* About this exercise:
Write out the data exactly from its first line onward, ending with the line in which "真丝小衫女长袖减龄漂亮洋气t恤早秋季新款妈妈宽松碎花雪纺上衣" appears.
[[ Data to use, beginning ]]
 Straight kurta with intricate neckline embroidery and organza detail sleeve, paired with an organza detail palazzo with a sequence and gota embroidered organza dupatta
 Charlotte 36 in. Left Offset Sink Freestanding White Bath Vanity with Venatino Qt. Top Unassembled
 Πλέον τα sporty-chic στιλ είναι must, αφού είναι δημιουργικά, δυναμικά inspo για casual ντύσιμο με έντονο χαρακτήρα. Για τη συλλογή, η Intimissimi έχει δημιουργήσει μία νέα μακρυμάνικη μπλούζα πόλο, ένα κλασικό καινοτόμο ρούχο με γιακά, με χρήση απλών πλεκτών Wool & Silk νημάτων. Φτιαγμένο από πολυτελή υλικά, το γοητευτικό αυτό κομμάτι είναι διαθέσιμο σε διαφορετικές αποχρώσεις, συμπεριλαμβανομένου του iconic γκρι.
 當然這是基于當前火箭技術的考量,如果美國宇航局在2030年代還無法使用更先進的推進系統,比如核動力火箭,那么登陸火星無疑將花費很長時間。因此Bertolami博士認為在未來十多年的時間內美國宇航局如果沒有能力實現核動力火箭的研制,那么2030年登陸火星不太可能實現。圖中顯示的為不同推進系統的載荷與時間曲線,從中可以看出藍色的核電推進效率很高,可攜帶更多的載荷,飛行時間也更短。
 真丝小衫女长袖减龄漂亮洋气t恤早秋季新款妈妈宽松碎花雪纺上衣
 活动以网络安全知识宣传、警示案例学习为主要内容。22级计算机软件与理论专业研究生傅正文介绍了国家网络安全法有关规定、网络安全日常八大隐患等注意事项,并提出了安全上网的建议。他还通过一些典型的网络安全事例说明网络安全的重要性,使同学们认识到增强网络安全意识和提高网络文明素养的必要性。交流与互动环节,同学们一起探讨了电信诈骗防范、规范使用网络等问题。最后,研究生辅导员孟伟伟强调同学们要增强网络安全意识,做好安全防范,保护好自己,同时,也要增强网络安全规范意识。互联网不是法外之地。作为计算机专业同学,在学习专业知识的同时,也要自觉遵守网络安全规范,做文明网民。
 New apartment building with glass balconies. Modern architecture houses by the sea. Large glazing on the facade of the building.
[[ Data to use, end ]]
* Expected answer:
 Straight kurta with intricate neckline embroidery and organza detail sleeve, paired with an organza detail palazzo with a sequence and gota embroidered organza dupatta
 Charlotte 36 in. Left Offset Sink Freestanding White Bath Vanity with Venatino Qt. Top Unassembled
 Πλέον τα sporty-chic στιλ είναι must, αφού είναι δημιουργικά, δυναμικά inspo για casual ντύσιμο με έντονο χαρακτήρα. Για τη συλλογή, η Intimissimi έχει δημιουργήσει μία νέα μακρυμάνικη μπλούζα πόλο, ένα κλασικό καινοτόμο ρούχο με γιακά, με χρήση απλών πλεκτών Wool & Silk νημάτων. Φτιαγμένο από πολυτελή υλικά, το γοητευτικό αυτό κομμάτι είναι διαθέσιμο σε διαφορετικές αποχρώσεις, συμπεριλαμβανομένου του iconic γκρι.
 當然這是基于當前火箭技術的考量,如果美國宇航局在2030年代還無法使用更先進的推進系統,比如核動力火箭,那么登陸火星無疑將花費很長時間。因此Bertolami博士認為在未來十多年的時間內美國宇航局如果沒有能力實現核動力火箭的研制,那么2030年登陸火星不太可能實現。圖中顯示的為不同推進系統的載荷與時間曲線,從中可以看出藍色的核電推進效率很高,可攜帶更多的載荷,飛行時間也更短。
 真丝小衫女长袖减龄漂亮洋气t恤早秋季新款妈妈宽松碎花雪纺上衣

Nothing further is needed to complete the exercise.